Infrastructure metrics:

# GPU utilization
nvidia-smi --query-gpu=utilization.gpu --format=csv,noheader,nounits

Log aggregation:

# Ship logs to centralized logging
# Example: Loki, Elasticsearch, CloudWatch

Optimization

Model Quantization

Reduce model size and increase inference speed:

PyTorch:

import torch

# Post-training quantization
model.eval()
quantized_model = torch.quantization.quantize_dynamic(
    model,
    {torch.nn.Linear},
    dtype=torch.qint8
)

# Save quantized model
torch.save(quantized_model.state_dict(), 'model_quantized.pth')

TensorFlow:

import tensorflow as tf

# Convert to TFLite with quantization
converter = tf.lite.TFLiteConverter.from_saved_model('/tmp/my_model/1')
converter.optimizations = [tf.lite.Optimize.DEFAULT]
quantized_model = converter.convert()

with open('model_quantized.tflite', 'wb') as f:
    f.write(quantized_model)

ONNX Runtime

Convert models to ONNX for cross-framework deployment:

PyTorch to ONNX:

import torch

# Export to ONNX
dummy_input = torch.randn(1, 3, 224, 224)
torch.onnx.export(
    model,
    dummy_input,
    "model.onnx",
    input_names=['input'],
    output_names=['output'],
    dynamic_axes={'input': {0: 'batch_size'}, 'output': {0: 'batch_size'}}
)

Serve with ONNX Runtime:

import onnxruntime as ort
import numpy as np
from fastapi import FastAPI

app = FastAPI()
session = ort.InferenceSession("model.onnx")

@app.post("/predict")
async def predict(data: list):
    input_data = np.array(data, dtype=np.float32)
    outputs = session.run(None, {"input": input_data})
    return {"prediction": outputs[0].tolist()}

TensorRT (NVIDIA GPUs)

Maximum performance on NVIDIA GPUs:

import tensorrt as trt

# Convert ONNX to TensorRT
logger = trt.Logger(trt.Logger.WARNING)
builder = trt.Builder(logger)
network = builder.create_network()
parser = trt.OnnxParser(network, logger)

with open('model.onnx', 'rb') as model:
    parser.parse(model.read())

# Build engine
config = builder.create_builder_config()
config.max_workspace_size = 1 << 30  # 1 GB
engine = builder.build_engine(network, config)

# Save engine
with open('model.trt', 'wb') as f:
    f.write(engine.serialize())

Batching

Increase throughput by batching requests:

# serve.py
import asyncio
from collections import deque

batch_size = 8
batch_timeout = 0.1  # seconds
pending_requests = deque()

@app.post("/predict")
async def predict(data: dict):
    future = asyncio.Future()
    pending_requests.append((data, future))
    return await future

@app.on_event("startup")
async def start_batch_processor():
    asyncio.create_task(process_batches())

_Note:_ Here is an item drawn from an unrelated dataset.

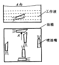油箱攪拌器和工作液槽攪拌器是本工作液循環(huán)系統(tǒng)的關(guān)鍵,也是本實(shí)驗(yàn)裝置與普通電火花機(jī)床的顯著區(qū)別之處。油箱攪拌器在工作原理和結(jié)構(gòu)上可以有三種方式,如圖3、圖4、和圖5所示。圖3的結(jié)構(gòu)是利用電動(dòng)機(jī)帶動(dòng)葉片做旋轉(zhuǎn)運(yùn)動(dòng),來攪動(dòng)工作液。其優(yōu)點(diǎn)是結(jié)構(gòu)簡(jiǎn)單:缺點(diǎn)是由于離心力的作用,油箱中遠(yuǎn)離葉片中心處的微粉濃度要比靠近葉片中心處的高,造成微粉分布不均勻,另外,這種結(jié)構(gòu)一經(jīng)確定,不易調(diào)整攪拌器在油箱中的位置。圖4利用油泵將工作液從油箱A向A中抽出,通過安裝在油箱四周的噴油嘴注射回油箱中,形成湍流來達(dá)到攪拌工作液的目的。特點(diǎn)是微粉在工作液中分布比較均勻,而且結(jié)構(gòu)簡(jiǎn)單,噴油嘴位置調(diào)整方便:缺點(diǎn)是由于增加了油泵,比前者成本高。圖5綜合了前兩種攪拌方式,用電動(dòng)機(jī)帶動(dòng)彎管旋轉(zhuǎn),再將工作液從彎管臂中噴出,因此攪拌后,工作液中微粉的分布要比前兩者均勻;但結(jié)構(gòu)復(fù)雜,成本也高得多。作者在本裝置的設(shè)計(jì)中采用圖4的結(jié)構(gòu),實(shí)踐證明攪拌效果達(dá)到預(yù)期目標(biāo)。工作液槽攪拌器的工作原理與油箱攪拌器大致相同,不再贅述。

async def process_batches():
    while True:
        if len(pending_requests) >= batch_size:
            batch = [pending_requests.popleft() for _ in range(batch_size)]
            inputs = [item[0] for item in batch]
            futures = [item[1] for item in batch]

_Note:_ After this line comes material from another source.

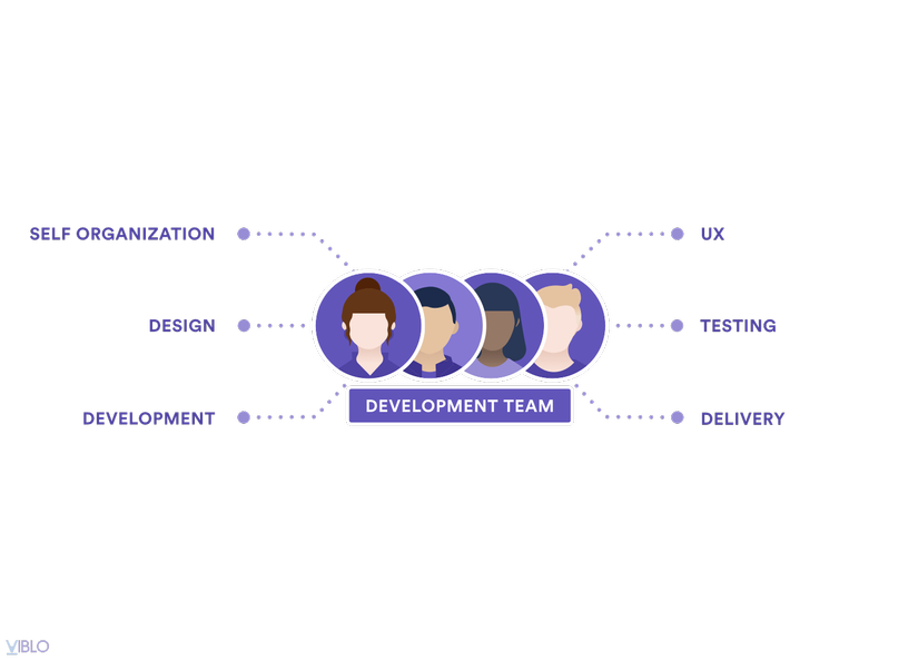 Development team ở đây không chỉ có kỹ sư phần mềm mà còn bao gồm tất cả mọi thành phần tham gia quá trình phát triển dự án, có thể là designers, programmers, writers,...

            # Batch inference
            results = model(inputs)

            # Return results
            for future, result in zip(futures, results):
                future.set_result(result)
        else:
            await asyncio.sleep(batch_timeout)

Deployment Patterns

A/B Testing

Deploy multiple model versions:

# Create instances for model v1 and v2
fugoku create instance --name inference-v1-1 --plan gpu-a100-1 --image pytorch-2.0-cuda12
fugoku create instance --name inference-v2-1 --plan gpu-a100-1 --image pytorch-2.0-cuda12

# Deploy models
# inference-v1-1: model_v1.pth
# inference-v2-1: model_v2.pth

# Load balancer with weighted backends
fugoku lb add-backend inference-lb --instance inference-v1-1 --weight 90
fugoku lb add-backend inference-lb --instance inference-v2-1 --weight 10
# 90% traffic to v1, 10% to v2

Canary Deployment

Gradual rollout:

# Week 1: 5% traffic to new model
fugoku lb add-backend inference-lb --instance inference-v2-1 --weight 5

# Week 2: 25% if metrics good
fugoku lb update-backend inference-lb --instance inference-v2-1 --weight 25

# Week 3: 100%
fugoku lb remove-backend inference-lb --instance inference-v1-1
fugoku lb update-backend inference-lb --instance inference-v2-1 --weight 100

Blue-Green Deployment

Zero-downtime updates:

# Deploy new version (green)
fugoku create instance --name inference-green-1 --plan gpu-a100-1

# Test green environment
curl http://<green-ip>:8000/health

# Switch traffic (via floating IP)
fugoku networking unassign-ip --ip <floating-ip> inference-blue-1
fugoku networking assign-ip --ip <floating-ip> inference-green-1

# Rollback if issues
fugoku networking assign-ip --ip <floating-ip> inference-blue-1

Security

API Authentication

# serve.py
from fastapi import Header, HTTPException

API_KEY = "your-secret-key"

@app.post("/predict")
async def predict(file: UploadFile, x_api_key: str = Header(None)):
    if x_api_key != API_KEY:
        raise HTTPException(status_code=401, detail="Invalid API key")
    # ... inference code ...

Rate Limiting

from slowapi import Limiter, _rate_limit_exceeded_handler
from slowapi.util import get_remote_address
from slowapi.errors import RateLimitExceeded

limiter = Limiter(key_func=get_remote_address)
app.state.limiter = limiter
app.add_exception_handler(RateLimitExceeded, _rate_limit_exceeded_handler)

@app.post("/predict")
@limiter.limit("10/minute")
async def predict(request: Request, file: UploadFile):
    # ... inference code ...

HTTPS

# Use Caddy for automatic HTTPS
sudo apt install caddy

# Caddyfile
cat > Caddyfile << 'EOF'
api.example.com {
    reverse_proxy localhost:8000
}
EOF

sudo caddy start

Cost Optimization

Right-size GPU:

A100 for large models (>1B parameters)
T4 for smaller models (coming Q3 2026)
CPU for very small models (<100M parameters)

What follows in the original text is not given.